А сколько было в Арсенале других смешных пустяков, напоминавших скорее Кунсткамеру времён Великого Петра! Вообрази себе и мундиры почивших государей, и минералогические коллекции, и зоологические курьёзы, и уж совсем нелепый огромный магнит, притягивающий якорь и когда-то поднесённый императрице Екатерине заводчиком Демидовым.
Но я готова тебя пригласить туда, где должна была кипеть настоящая дворцовая жизнь. И где она никогда не кипела. Большой пустой аванзал и Белая зала! Это сердце дворца, откуда для императора открывался путь на большой центральный балкон. Он мог там принимать парады. Мог, при желании, произносить речи. Мог просто давать себя созерцать. Но главное — мраморы. Великолепные, вставленные в стены мраморы. Не древние — таких в Гатчине наперечёт. Сделанные по заказу у нынешних художников, которым изменяло не столько мастерство, сколько вкус: слишком многолюдные композиции, слишком тесные, обвешанные драпировками толпы.
Я не стану тебя задерживать в Тронной императрицы — я никогда не разделяла её вкусов. Зато за ней, через маленькую проходную комнату, можно попасть в Греческую галерею с чудными панно Гюбера Робера. Ты полюбопытствуешь об обстановке моей квартиры, а она была достаточно вместительна и очень уютна. Я отвечу: моим остался XVIII век. Больше того — времена на переломе вкусов Елизаветы Петровны и Великой Екатерины. У меня висели одиннадцать головок кисти Ротари. Император говорил, что в каждой из них он угадывал черты моего характера. Это не соответствовало действительности, но всегда было приятно слышать.

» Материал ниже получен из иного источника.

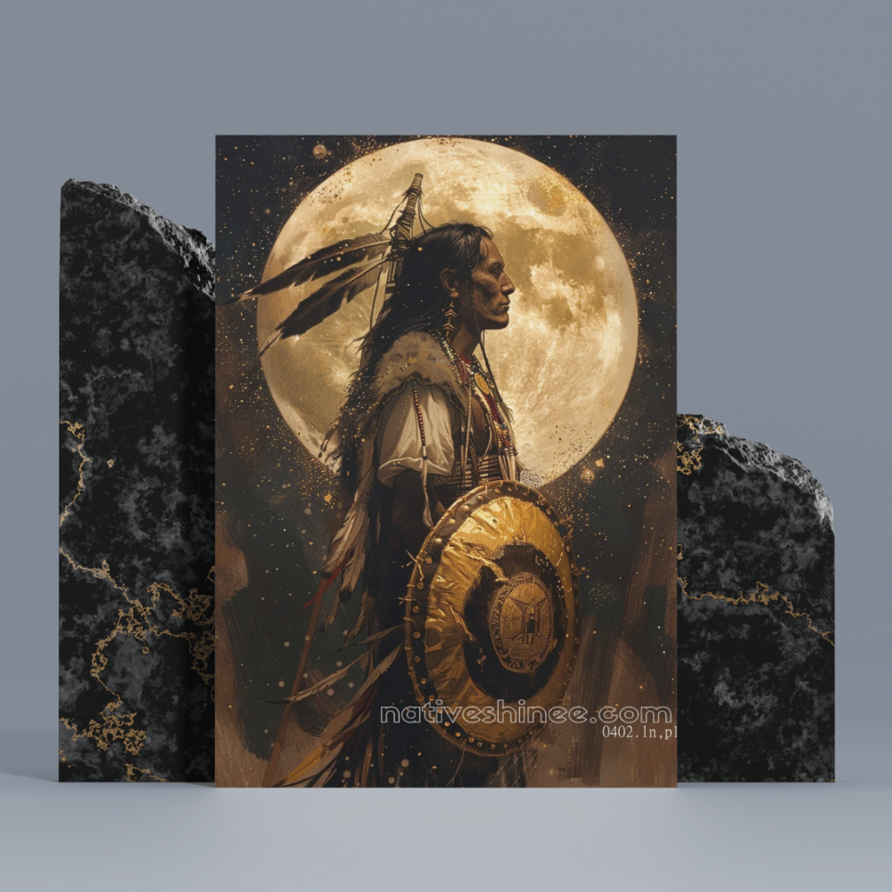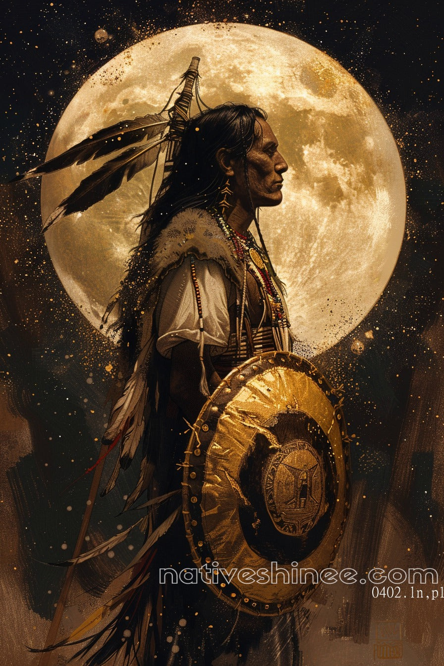 This powerful image captures a Native American warrior standing tall, bathed in the light of a full moon. His gaze is steady and resolute, embodying the strength and wisdom passed down through generations. Adorned with a beaded necklace, feathers, and a protective shield, he represents not only the spirit of a warrior but also the sacred connection to the earth and the stars above. The full moon, glowing in the background, serves as a symbol of guidance and protection, illuminating the warrior’s path. This artwork honors the resilience, bravery, and spiritual connection of Native American culture, evoking a deep sense of pride, protection, and reverence for the forces of nature and the ancestors who have walked before

Тебе будет интересней войти в Тронный зал императора, каким он был когда-то. Знаешь, государь не терпел красной с золотом обивки, приличествующей престолам во всей Европе. Он предпочёл оранжевый бархат с серебряным позументом, который куда меньше бросался в глаза, хотя и не казался достаточно нарядным, заставлял вспоминать о патине времени, лёгком слое пыли и давно прошедших временах. Помню, как Александр Петрович Сумароков рассказывал, что наши предки в XVII веке спали на оранжевых простынях, алых подушках и накрывались чёрными атласными расшитыми яркой вышивкой покрывалами.
Знаешь, в этом было что-то нарочитое: солдатская скромность покоев императора и ошеломляющая роскошь комнат, особенно опочивален императрицы. Непременная кровать с перегородкой — от всей остальной комнаты. Конечно, никаких утренних приёмов за балюстрадой не было и в помине. Зато резная балюстрада заканчивалась огромными кобальтового фарфора вазами с бронзовыми украшениями. В Михайловском замке император пожелал, чтобы перегородка была вообще из массивного серебра. А голубой, протканный серебряной ниткой шёлк балдахина, заказанный в Лионе, обои!
Императрица требовала, чтобы фрейлины приходили в её опочивальню. Чтобы видели любовь к ней императора. Любовь, пересчитанную на огромные суммы... Зачем? Зачем это нужно было ему? Не знаю. Храм, где приходили на свет почти каждый год его дети... Может быть, поэтому.
Бюсты её родителей. Её собственные. Детей — великих князей и княжон. Безделушки из тех, которые должны были, по всей вероятности, напоминать Вюртемберг. И маленькая, совсем маленькая дверь, почти дверца на тёмную, голую лестницу, едва освещённую скупыми фонарями. Каменные витые ступени. И покои императора — он имел обыкновение сразу поворачивать ключ в замке. Никаких неожиданных посетителей. Никаких лишних прогулок...
Иностранцы любили повторять: «Обожаемый принц, немыслимый деспот».
В его комнатах... Приёмная. Полутёмная. Малиновый с белым штоф на окнах. Зеркала в простенках. Белая кафельная печь в углу. Несколько картин в простых рамках.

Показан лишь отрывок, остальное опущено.